The Defense Advanced Research Projects Agency (DARPA) states that explainable AI will be essential if users are to understand, appropriately trust, and effectively manage this incoming generation of artificially intelligent partners. This statement is equally true for intelligent or augmented algorithms used in devices.
However, is the current method of device evaluation providing enough confidence? Maybe. For example, the IDx-DR had been validated against the Fundus Photography Reading Centre (FPRC) reference standard with a sensitivity of 87% and specificity of 91% for the locked algorithm. Therefore, despite biomarkers not being fully explained to the end user, that end user nurse in the doctor’s office would not require or desire that level of explanation. As the device is indicated for use only with patients already diagnosed with diabetes, the patient risk for the explainability of this device could be considered mild.
The Guardian Connect CGM has a similar situation in that the device is not for making therapy adjustments but alerts the user to check their blood glucose levels; therefore, the level of required explainability would be lower even through the risk is still high enough to merit the premarket approval pathway.

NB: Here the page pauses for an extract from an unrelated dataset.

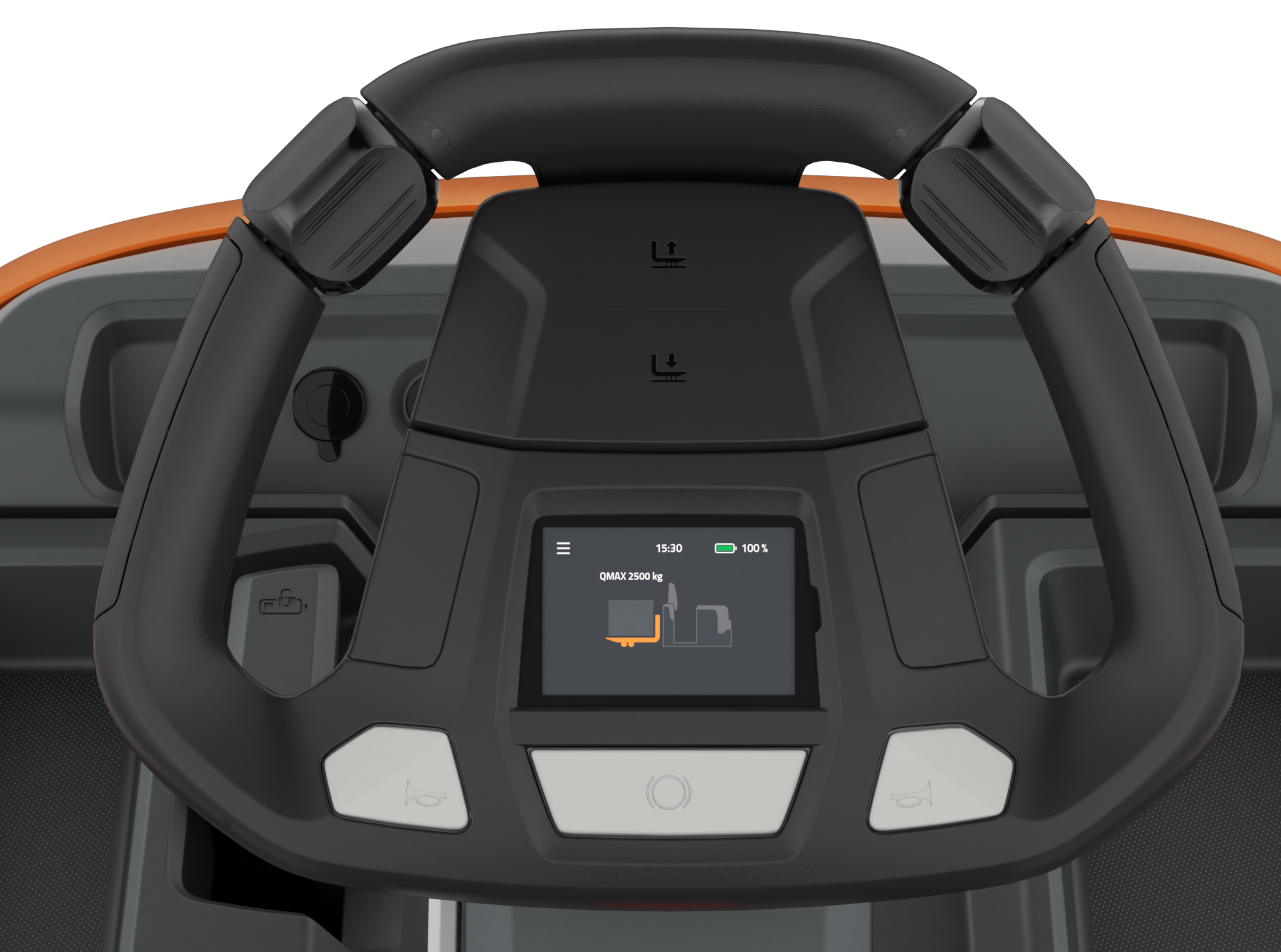 Its new ergonomic shape provides a more car-like driving experience, and thanks to the multiple ways of operating the drive controls and raising or lowering the forks, the operator can drive, steer, and lift the forks with just one hand.

To address this non-linear relationship between risk and the need for explainability, the BSI/AAMI AI standard development working group will undergo an exercise to address risk management strategies for AI Software as a Medical Device (SaMD) and mapping of essential principles for safety and performance. Other working groups, like Xavier AI Summit are exploring what explainability is and how explainability is related to confidence and adoptability. Finally, stakeholders are watching to see if the FDA’s pre-cert program will help improve explainability and confidence for AI in devices.